Our gardener still says--"how is baby Emma?"
"SHE is fine" I say.
"I miss that baby boy."
I don't know if boys are considered more of a blessing or something but I really don't get it. Maybe in Lugandan the word "baby" is always masculine or something--I honestly have no idea. But it's getting worse.
Yesterday Jon and I were at the coffee shop and a waiter who we've had before wanted to give Emme fist bumps and calling her "my brodah" (that's "my brother") who can't hear my Ugandan accent.
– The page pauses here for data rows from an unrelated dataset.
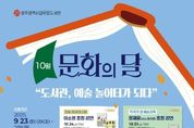 광주광역시립도서관(무등·사직·산수)은 ‘10월 문화의 달’을 맞아 가족들이 도서관에서 함께 즐길 수 있는 강연, 전시, 체험 프로그램 등 ‘도서관, 예술 놀이터가 되다’ 행사를 운영한다. 무등도서관은 10월 한달 간 가을·책 주제 ‘민화 단체전’과 자료실 테마도서 전시를 연다. 오는 24일 아트컬렉터 이소영(미술 에세이스트)의 ‘현대미술 클로즈업!’, 31일 예술감독 정재윤(aka 쥴리정)의 ‘문학 속 음악의 장면들’, 19일과 29일에는 ‘제로웨이스트 특강’으로 친환경 비누 만들기와 캘리그라피 텀블러 만들기 체험 행사를 운영한다. 사직도서관은 10월 한달 동안 전통문화 ‘조선 화원의 하루’ 원화 전시, 자료실 테마도서 전시를 진행한다. 이와 함께 22일 이승연 작가의 ‘케이(K) 콘텐츠의 중심 한국 영화를 말하다’, 25일 ‘나만의 보자기 가방 만들기’ 전통문화 체험프로그램을 준비했다. 산수도서관은 13일부터 24일까지 ‘엄마는 좋다’ 그림책 원화 전시와 연체자 해방의 날 행사를 운영하고, 16일에는 빛과 무늬로 완성하는 자개거울 체험을, 23일에는 실용과 멋을 담은 냄비받침 체험을 할 수 있다.
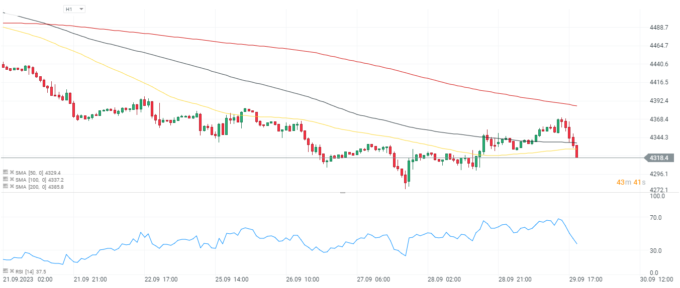 El S&P 500 ha reducido casi completamente sus subidas y se está negociando bajo una fuerte presión de venta, con el precio estableciéndose por debajo de la SMA de 50 y la SMA de 100 en el intervalo H1. Los futuros del índice están perdiendo un 0.54%.
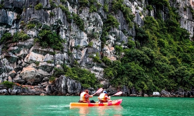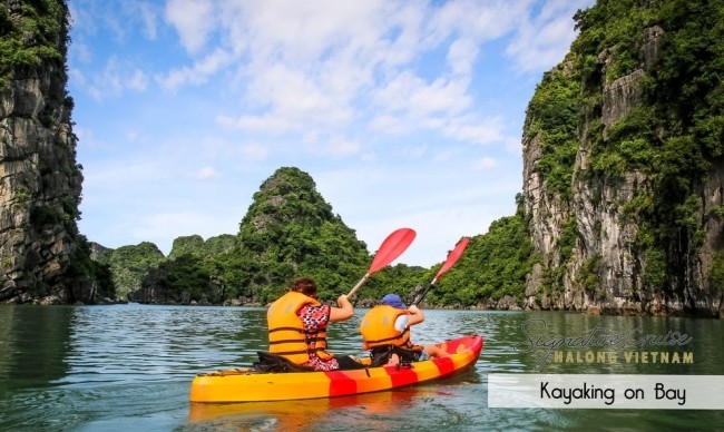 Taking a kayak to explore the bay surroundings, you will marvel at the magnificent and grand spectacle of continuous ranges of limestone karst looming in fog in the early morning. Or you can have a swim to take pleasure in the cool water of Halong Bay.
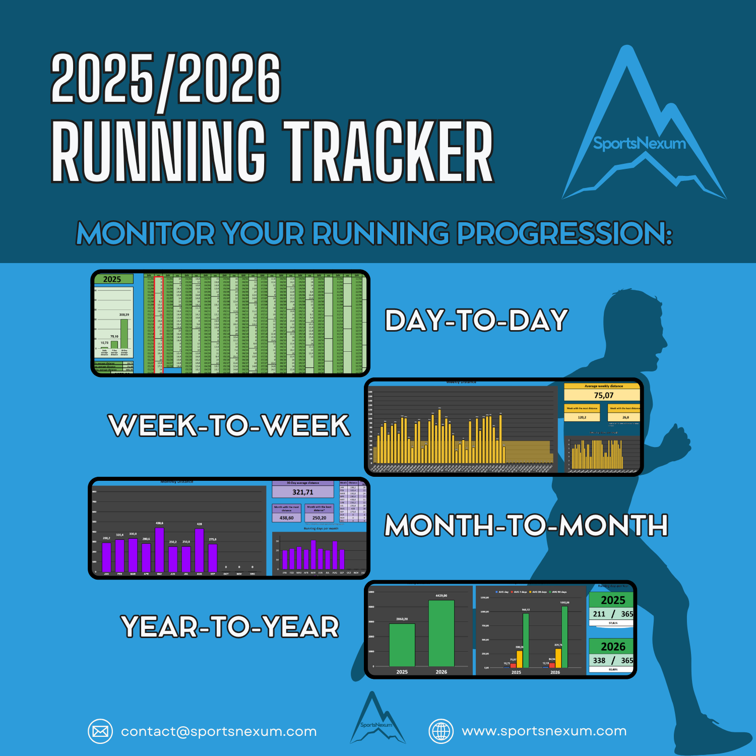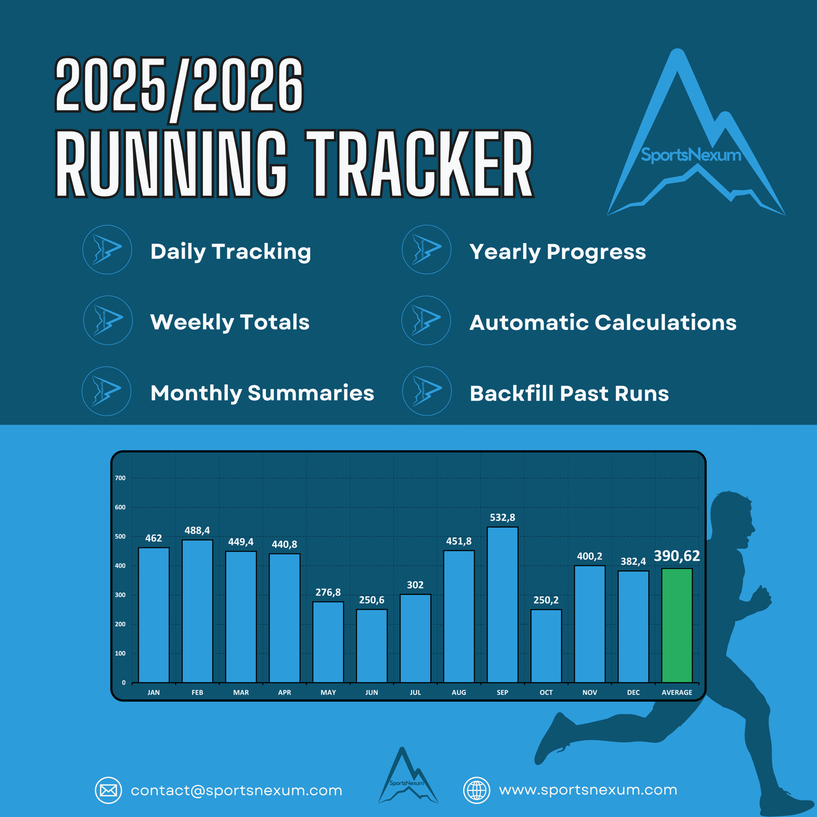 Every great performance starts with consistency. The SportsNexum 2025/2026 Running Distance Tracker gives you a clear, simple way to monitor your training and stay motivated all year long.

So, when he asks what her name is Jon and I both emphatically say "HER name is EMME." Our waiter then proceeds to draw a picture of her to give to her as a gift.
Upon first look I thought--oh Emme looks like she has a hairpiece, then I thought oh the waiter's name is Ian, then upon closer look I notice it says "Ian" BY Alfred or something. So apparently Emme is synonymous with Ian and Ian looks like an angry Man-Baby.
Then he says "Oh look at her! I mean HIM--so sorry, so sorry." Awkward again.
Jon and I then just proceed to look at each other and laugh because what else can you do after that. So we have an adorable baby boy named Emma or Ian with a hairpiece but we love him all the same.